* [Prompt]: Set down the data again word for word. Skip any pictures.

* [Available data]:
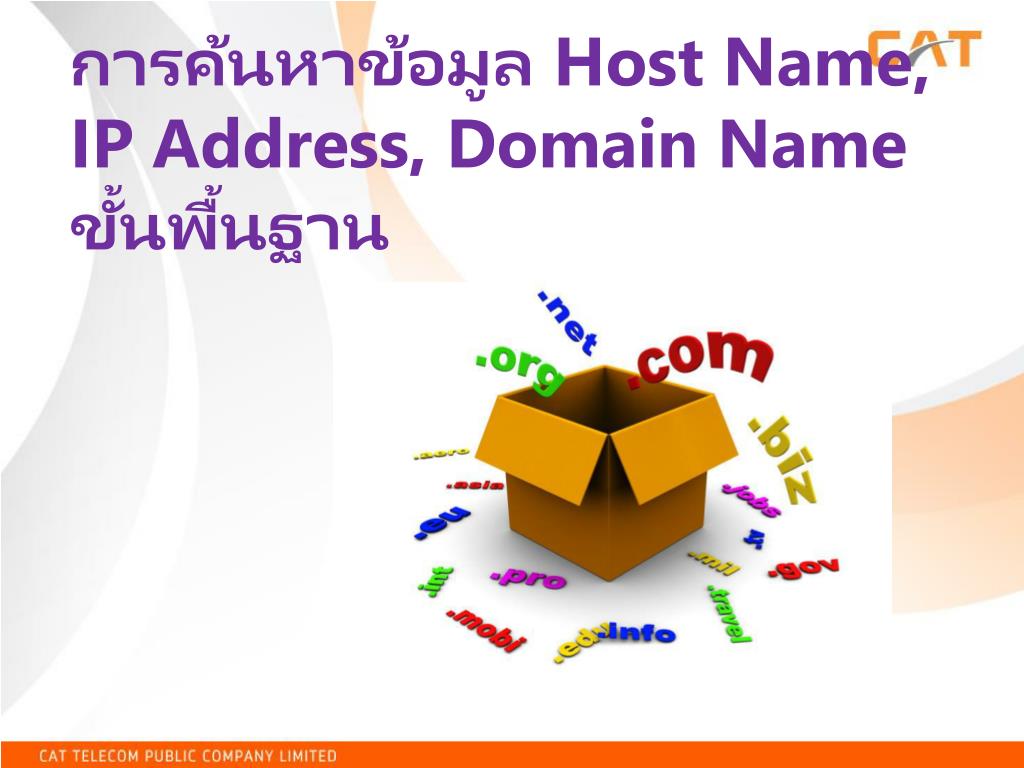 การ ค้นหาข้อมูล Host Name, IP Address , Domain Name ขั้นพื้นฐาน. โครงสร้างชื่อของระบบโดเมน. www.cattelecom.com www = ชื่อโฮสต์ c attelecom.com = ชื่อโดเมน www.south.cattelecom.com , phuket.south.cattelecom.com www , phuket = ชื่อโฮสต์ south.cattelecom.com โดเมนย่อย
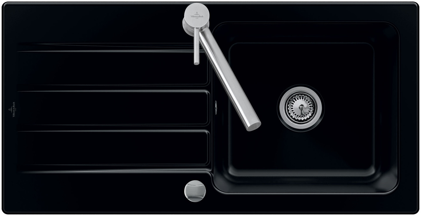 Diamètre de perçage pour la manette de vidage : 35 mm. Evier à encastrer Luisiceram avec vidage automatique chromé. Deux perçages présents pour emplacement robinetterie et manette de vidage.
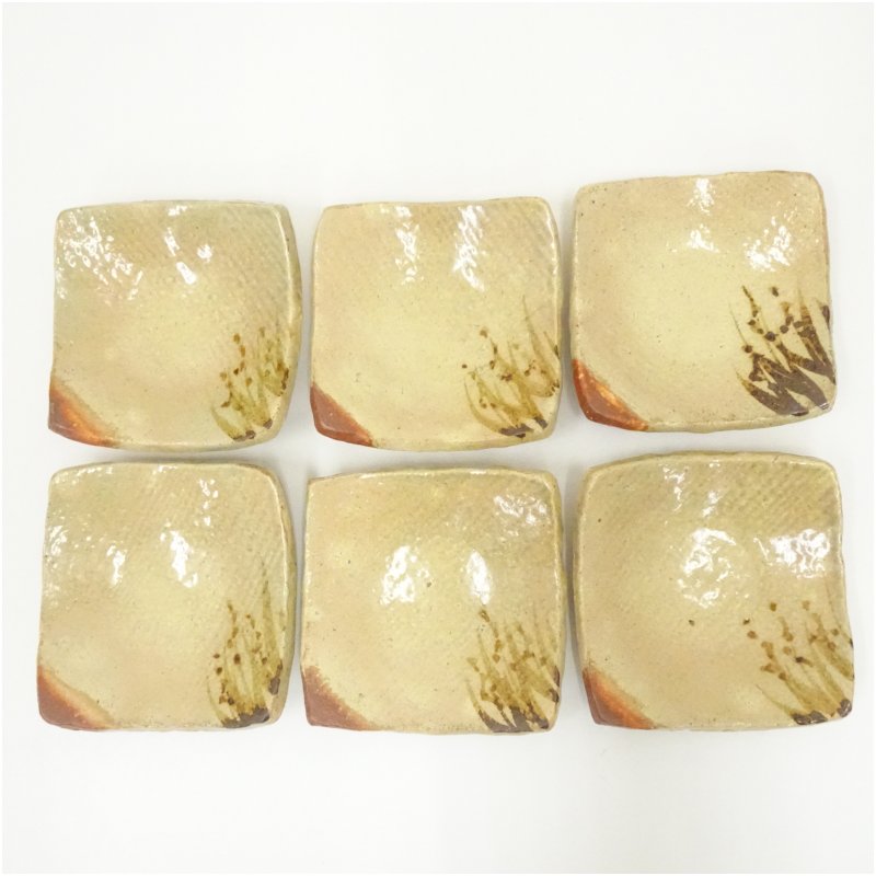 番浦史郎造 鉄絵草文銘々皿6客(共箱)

* [Reply to the task]:
 การ ค้นหาข้อมูล Host Name, IP Address , Domain Name ขั้นพื้นฐาน. โครงสร้างชื่อของระบบโดเมน. www.cattelecom.com www = ชื่อโฮสต์ c attelecom.com = ชื่อโดเมน www.south.cattelecom.com , phuket.south.cattelecom.com www , phuket = ชื่อโฮสต์ south.cattelecom.com โดเมนย่อย
 Diamètre de perçage pour la manette de vidage : 35 mm. Evier à encastrer Luisiceram avec vidage automatique chromé. Deux perçages présents pour emplacement robinetterie et manette de vidage.
 番浦史郎造 鉄絵草文銘々皿6客(共箱)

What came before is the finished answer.